И от края подлунно-бледного
я крадусь, оставляя козьи горошки.
Я родился.
О том не ведомо
ни пернатым, ни вам, ни злым руконожкам.

5
На грудном кармане пропалина,
что-то вертится недопето,
но письмо почти отправлено –
это маленькая, но победа.

В Севастополе,
или в Мурманске,
или в Граде когда-то Ленина,
я противился этой дурости,
я боялся лишиться последнего.

А теперь не боюсь.
На излёте
каждой пуле куражиться хочется.
Вы, конечно, меня поймёте,
как заслуженная пулемётчица,

но осудите, ясное дело,
как любая нормальная женщина.
Сколько пахарей ни потело,
сколько судеб ни искалечено –

вы ревнуете каждого гада,
даже мёртвых к соседям по домику,
и напялите, если надо,
доминанту на каждую тонику.

«Не целую»,
«прощайте»
и
«тчк» –
это самое безопасное.
Но любая первая скрипочка
окружается контрабасами.

Хоть на севере, хоть на юге –
никуда мне от вас не деться.
Я ревную, и бурные фуги
прикрываю наивными скерцо.

Я хотел прошагать парадом,
но попал в кружевные трусики.
Вы уйдёте – и будете рядом,
вы и бросите – не отпустите.

6
Вы не упрекнёте меня в распутстве,
мы оба предпочитаем кошачий март,
чтоб вечером от впечатлений раздуться,
а утром придти на тот же унылый старт.

Устав пересчитывать головы в гареме,
мы сами поголовье чужого стада.
Это не вылечит, но обезболит на время,
а нам до будильника большего и не надо.

Но, слышите:
«тук... тук...»,–
в обед – молоточек,
а к вечеру снова – пудовая палица.
Я знаю, что вам, как и мне, переменой точек
от общей кривой дорожки не избавиться.

Так было всегда – и в мамонтовой эпохе,
и ныне, в эпоху кактусов на орбитах,
вы дуете на очаг, и в каждом вдохе
пытаетесь уместить мой далёкий выдох.

Я бегаю с топором, и в каждом тигре
есть ваше саблезубое начало.
Не мы этот дом с привидениями воздвигли –
какая-то сила навеки нас обвенчала.

Мы движемся параллельно, но в каждом стуке,
но в каждом порыве тупого, холодного ветра
мы слышим напоминание друг о друге,
и врём с утроенной силой кому-то и где-то.

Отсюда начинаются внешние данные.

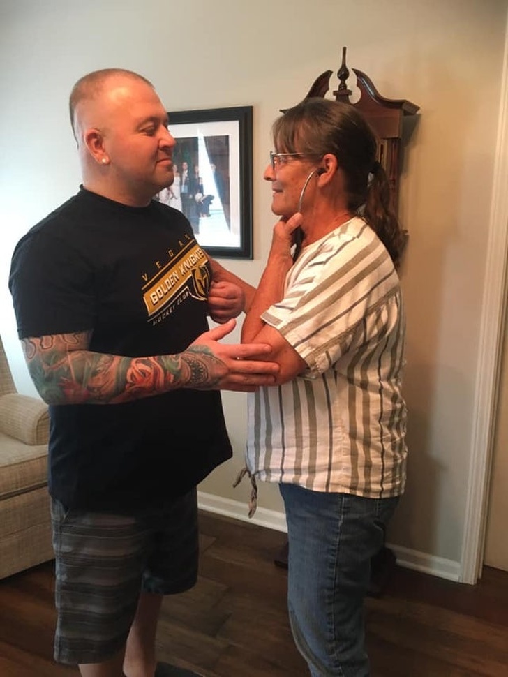 Мати слухає серце своєї дочки, яка після смерті стала донором для цього чоловіки
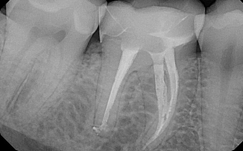 Po dokładnej diagnostyce ząb zakwalifikowano do leczenia endodontycznego. Leczenie przeprowadzane zostało przez naszego specjalistę pod mikroskopem.
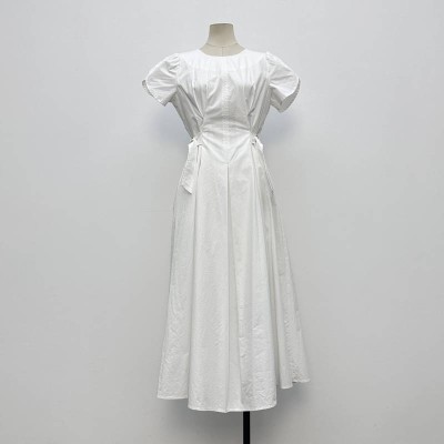 White Round Neck Waist Cinched Puff Sleeve Midi Shirt Dress
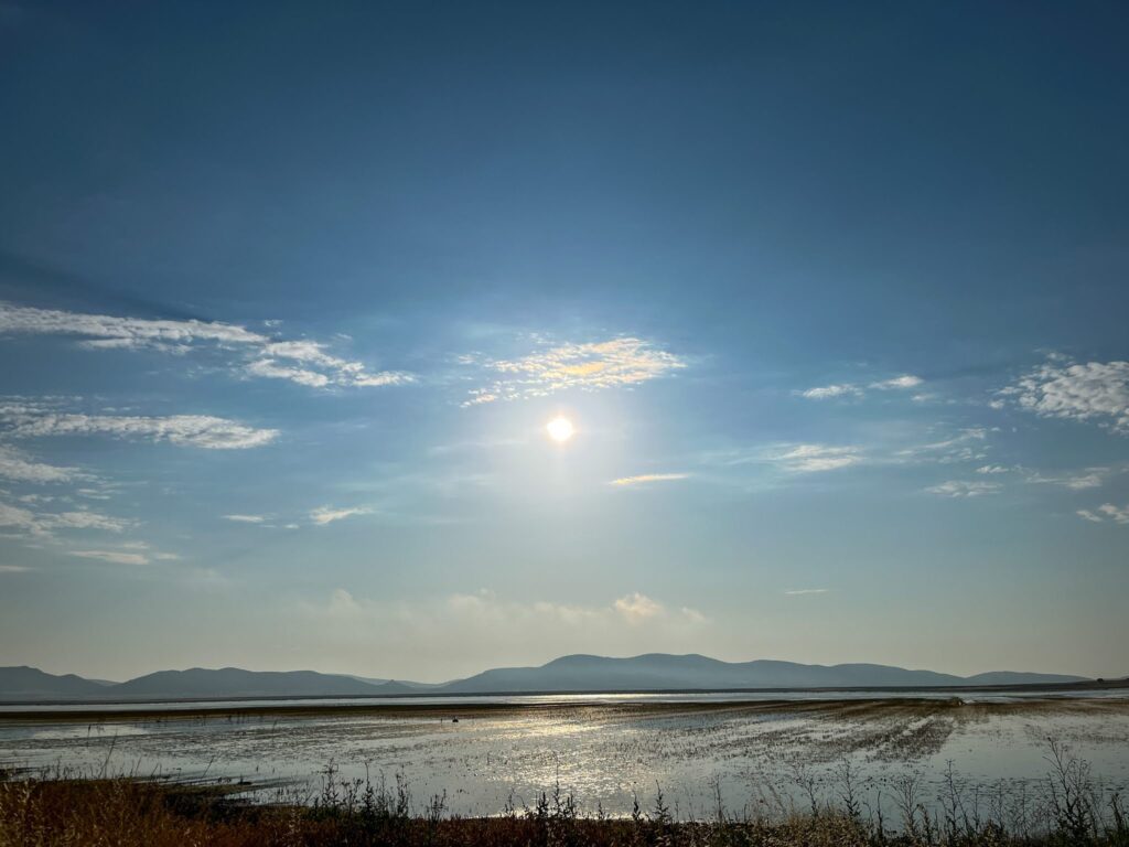 ¡Qué buen día! Siento el viento de la bajada en la cara y algo me hace sonreír. Es como si las mariposas que se nos cruzan en el camino nos rociaran con endorfinas. Estoy feliz y me siento polinizadora también en este viaje peculiar y picaflor por el medio rural. El último tramo hasta Gallocanta ha sido rodeando la laguna salada que también lleva este nombre, una llanura de agua enorme y preciosa que ha vuelto a transformar el paisaje que veníamos disfrutando los días anteriores y que ha aparecido como un espejismo plateado ante nuestros ojos,
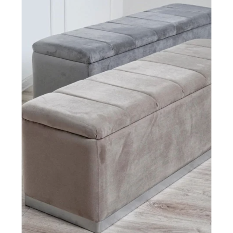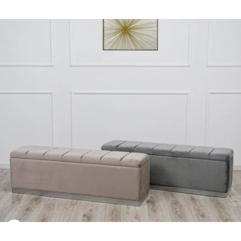 Лавка Брайт (бежева, 140×40×44 см) — елегантна банкетка у сучасному стилі, яка поєднує зручність і вишуканість. М’яке сидіння з бархатної тканини створює відчуття затишку, а дерев’яний каркас забезпечує надійність та довговічність. Завдяки відсутності підлокітників модель виглядає легкою та універсально вписується у спальню, коридор чи вітальню.
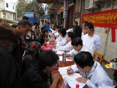 在陈群院长的带领下,专家们在镇政府门前进行义诊活动。在义诊现场,诸位专家教授被十里八乡闻讯而来的当地老百姓围的水泄不通,"我上腹平时很闷胀,不知是什么原因,今天听说beat365中文官方网站专家下乡来,免费看病,一大早就赶来了。"一位村民说。在大岗镇政府门口看到专家们的到来,村民们脸上充满了期盼和喜悦。专家们都认真为病人诊断治疗,老人、妇女、孩子都被深深感动,一位老奶奶从陈群院长手中接过免费的药品,双眼闪动着激动的泪光。专家紧张而认真的忙着为老百姓诊病,整个义诊活动共持续了三个多小时,为近400名群众义诊赠药,捐赠了价值近2000元的常用药品。
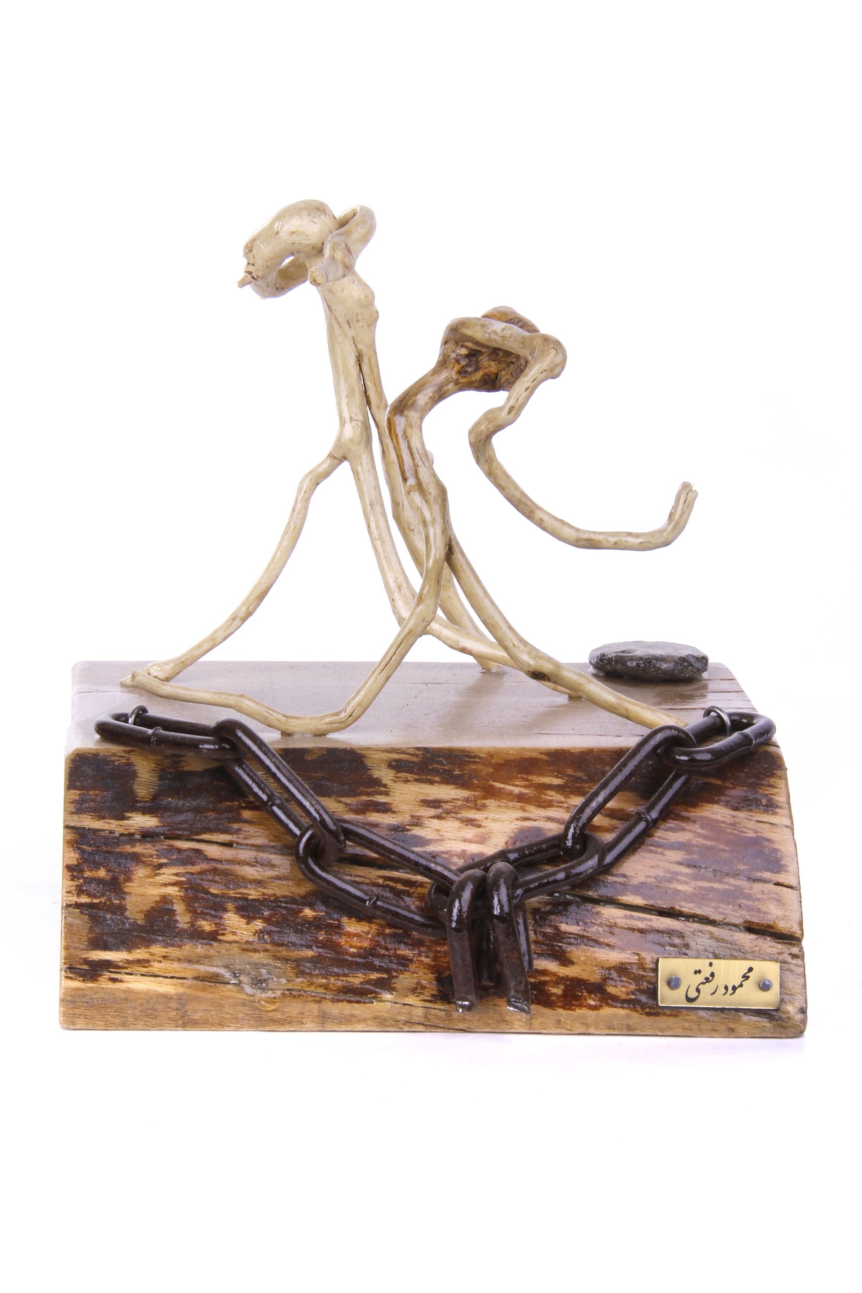 Material : Natural wood, two simplified human figures in parallel motion, a heavy chain in the foreground, faded and earthy wood texture

Чайник навыл Луну – сегодня рыжую.
Будет мороз – куда зиме без него.
Я ненавижу вас,
ненавижу,
как ненавижу только себя самого.

Вы не упрекнёте меня и за это –
я выкровил вашу последнюю каплю,
и шепчу над помятым конвертом:
«прощай!» –
и лукавлю,
лукавлю,
лукавлю.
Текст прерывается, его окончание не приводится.